You called me twice to tell me that you spit in your own eye, when I was right next to you.
You were in the bathroom for two hours practicing "Revenge Faces".
the first call I got in the morning was from visa fraud prevention so yeah it was one of those nights
Dude. Hurry up. They just blessed the tequila.
Definitely just said "no homo" to our gay waiter at Cheesecake Factory...our service has steadily declined since.
He threw up in a cup in the limo and when he got out the bouncer told him he couldn't bring drinks in so he gave the glass to that dumb girl we brought with us from c street.
I know, she tried to drink it
The yard is growling at me WHAT DID U GIVE ME?
Nothing says "I support my fellow man" like taking your friends recently divorced dad to a strip club and bar hopping with us to get him laid by an upgrade.
You might call them booze related cuts, I call it "partying so hard you sweat blood"

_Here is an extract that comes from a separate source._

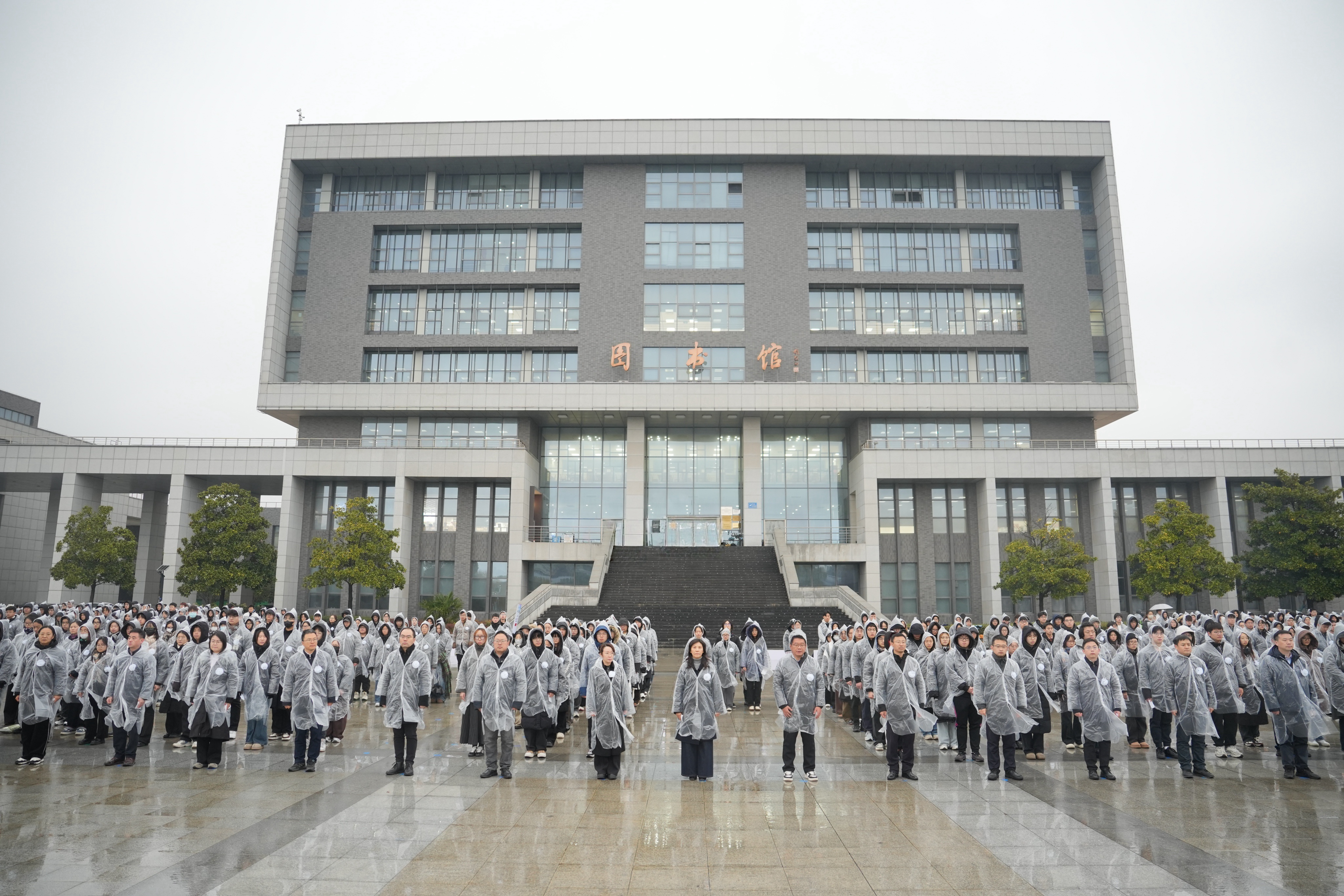 细雨霏霏、寒意肃穆。上午8时,校国旗护卫队迈着整齐的步伐护送国旗入场,全体师生庄严注目。伴随着雄壮的国歌声,五星红旗缓缓升起,至顶端稍作停留后,降半旗致哀。广场上,800余名师生胸前佩戴白花,静静肃立,现场摆出“12·13”字样,以示哀悼。

showering high made me realize that i should seriously reconsider my career path... id be a damn good hair shampooer & head massager
My dry spell starts kindergarten this fall...
They grow up so fast.
He sent me a dick pic. I am fighting the urge to send him a "sorry for your loss" card.
she stuffed her marc jacobs purse full of cereal
classy
So I was laying on the couch reading a book and he texted me. All I saw was the image of him spitting on my vagina last night in the moonlight. I gagged.
Stop letting me drink alone on saturdays. My last 2 google searches were "short legs" and "caterpillar eyebrows" ? I don't even know.